All the kittens immediately received subcutaneous fluids, pain medication and an injection of long-lasting antibiotics to prevent infections from the burns as well as a special cream to treat their burns at the emergency veterinary hospital. Four of the five kittens were prescribed eye medication for their burnt eyelashes and were checked for eye irritation and damage. The kittens will be under veterinarian’s care and in a foster home for a number of weeks as they heal. When they are ready, they will be scheduled for spay and neuter surgeries.

“We have the kittens recovering at the home of one of our staff members so they can receive the specialized care they need to recover,” says Sattar. “They are all set up with special litter that won’t stick to their paws or cause them discomfort when they step on it.” Sattar adds that three of the kittens step very gingerly when they walk, sadly the kitten with the most severe burns does not want to walk at all because it is so uncomfortable.

“The four kittens will require eye drops three times a day and will also need their burns treated with ointment three times a day,” says Sattar. “They are getting pain medication a minimum of twice a day.”

Sattar says the kittens have all been purring through their treatment. “It is unbelievable, even on the way to the veterinary hospital prior to any supportive care or pain management, the healthiest of the kittens were playing and acting like kittens,” says Sattar. “The ones with the more serious injuries have just wanted to sleep, heal and cuddle with each other on a plush blanket that doesn’t cause their burns any discomfort.”

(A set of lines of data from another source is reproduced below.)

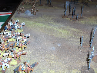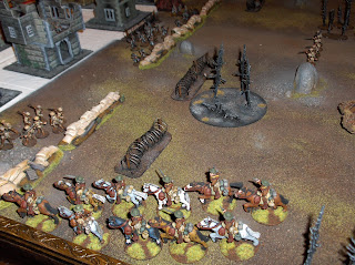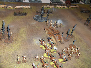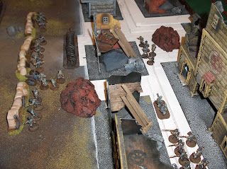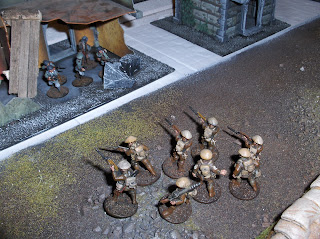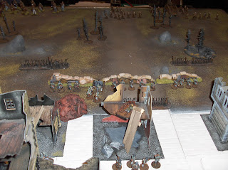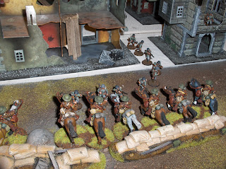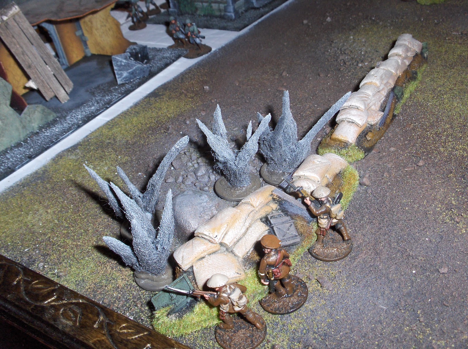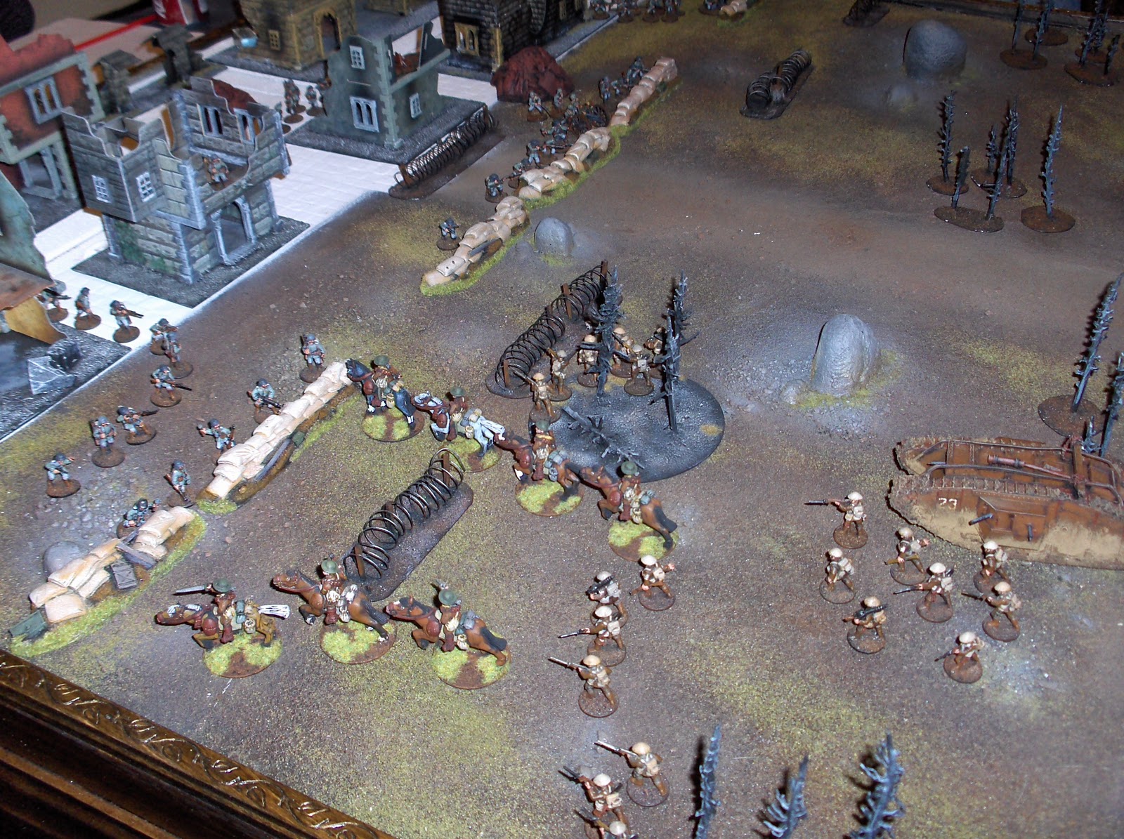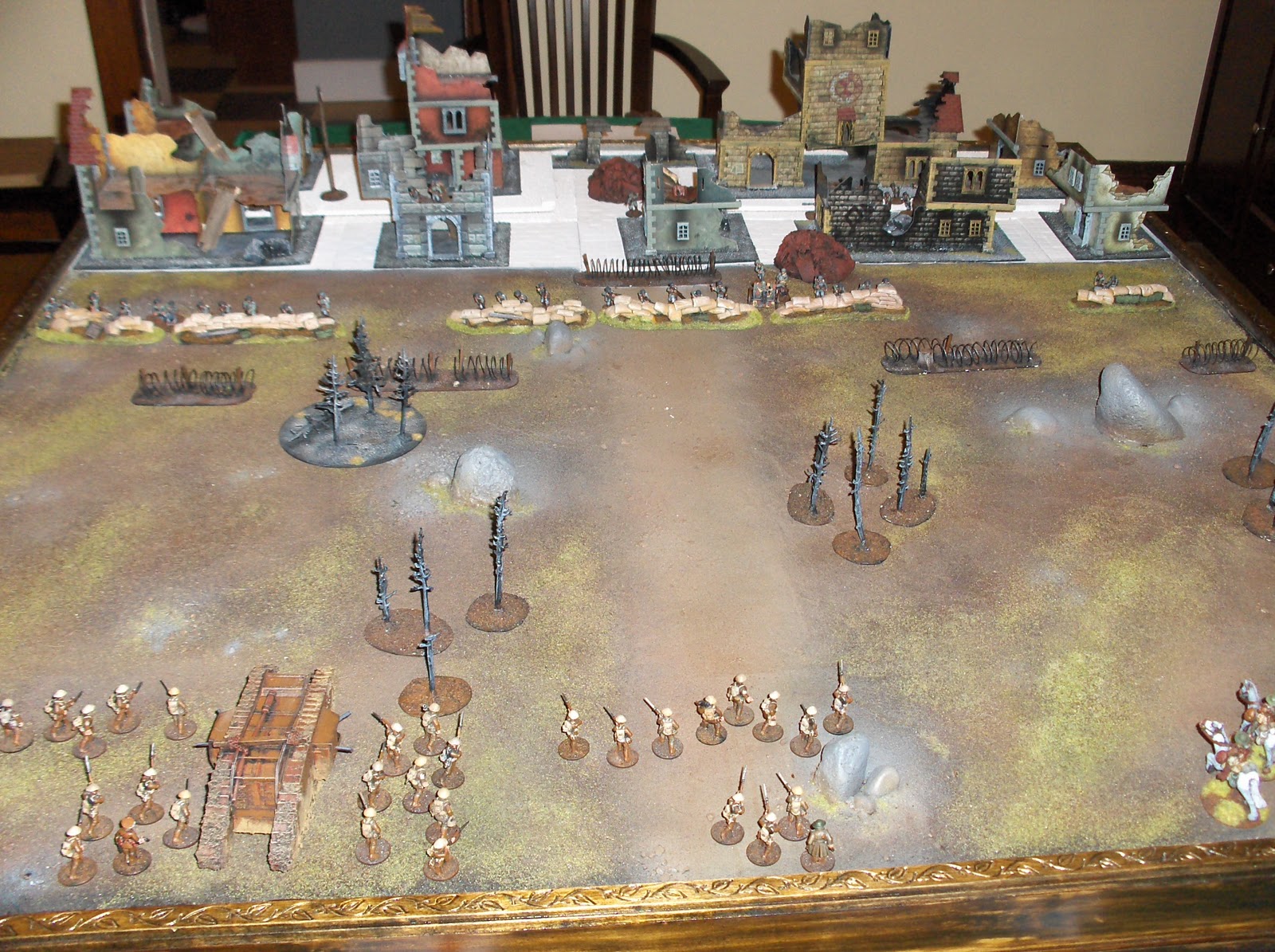 We used the Warhammer "Great War" rules and selected the Blitz mission. The British were the attackers, and had the benefit of "sustained attack", meaning that platoons that were wiped out could re-enter from their table edge to resume the assault. The British have eight plus a variable number of turns to get a platoon into the town.
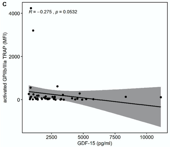 There was a trend towards a correlation of GDF-15 with the platelet surface expression of activated glycoprotein (GP) GPIIb/IIIa in response to thrombin receptor-activating peptide (TRAP) (r = −0.275, p = 0.0532) but not in response to arachidonic acid (AA) (r = −0.133, p = 0.3572) or adenosine-diphosphate (ADP) (r = −0.0855, p = 0.5537), as shown in Figure 2.
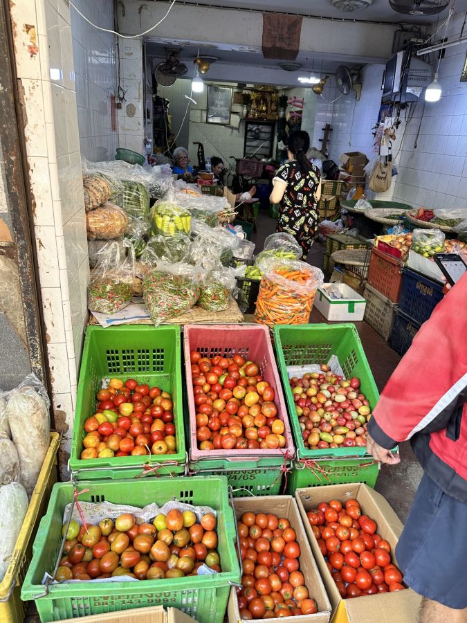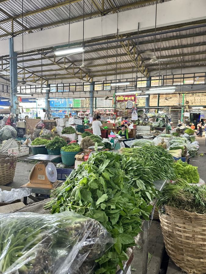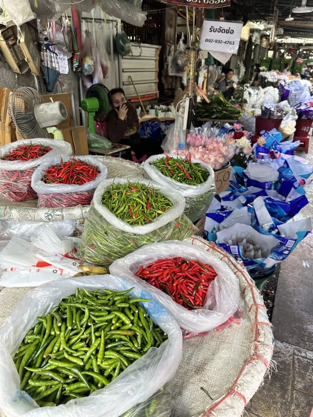Neben den Blumen gibt es auf dem Markt auch eine Fülle von frischem Gemüse und Gewürzen. Die scharfen Chilis sind besonders bekannt und werden oft in der thailändischen Küche verwendet. Die Stände bieten eine bunte Auswahl an frischem Obst und Gemüse, das von den örtlichen Bauern geliefert wird.
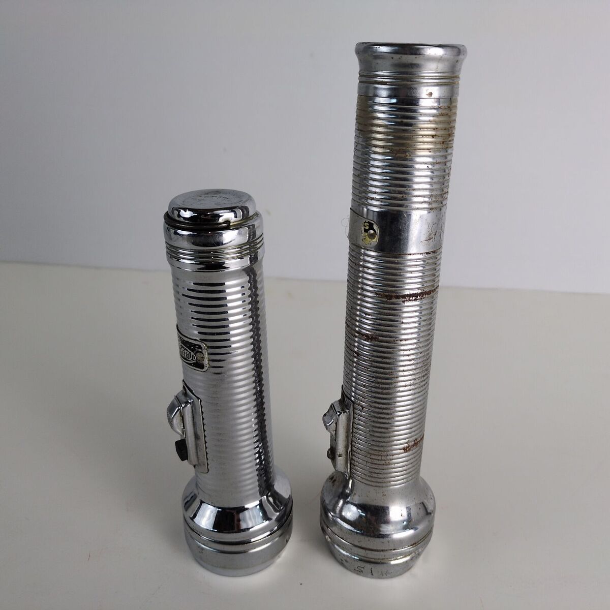 Pair of Vintage Chrome Flashlights, 9.5" Ray-O-Vac 7" Tru-Test Supreme
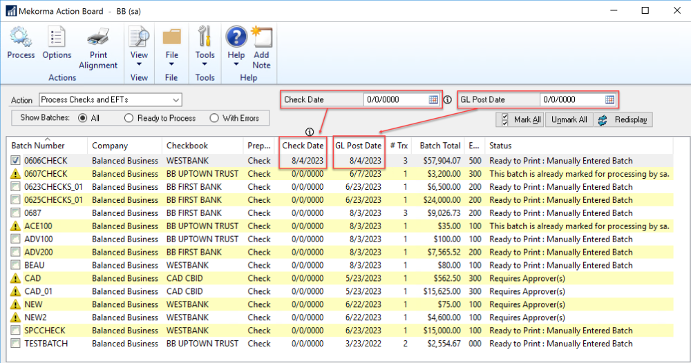 You can easily change the check date or General Ledger posting date for transactions in a batch when you are in the Action Board window.
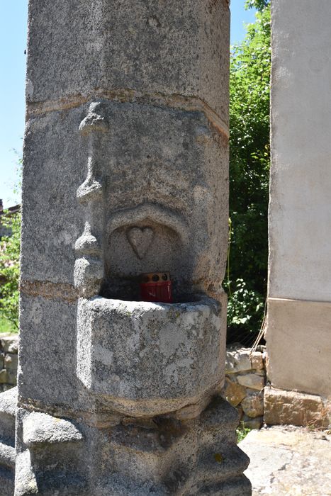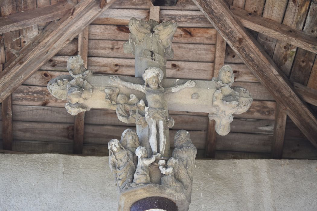 Croix abritée par un auvent à charpente que supportent un mur plein, un pilier partant de terre, et un autre d'une sorte de mur d'appui en loggia. Les piliers, dont le plus important comporte un bénitier, sont prismatiques. Le Christ est entouré de deux anges. En adoration à ses pieds, les Saintes Femmes. La Vierge est soutenue par un personnage à la chevelure abondante. Au revers, Vierge à l'Enfant, dont la robe est soutenue par des anges.
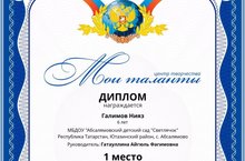 Во всероссийском творческом конкурсе "Мои талантты", посвященный Дню космонавтики воспитанник нашего детского сада Галимов Нияз за работу "Космические фантазии" награжден грамотой 1 степени. Педагог: Гатауллина Айгуль Фагимовна

The kitten who was least injured will be available for adoption shortly. The other kittens will be available for adoption in mid-July.

When Petsecure Pet Health Insurance* learned about these kittens, the company generously offered to match all medical donations up to $3,500 to help with their care and other animals who need urgent medical help.

* This grant was made by the Definity Insurance Foundation at the recommendation of the Definity Insurance Company Petline Insurance Company.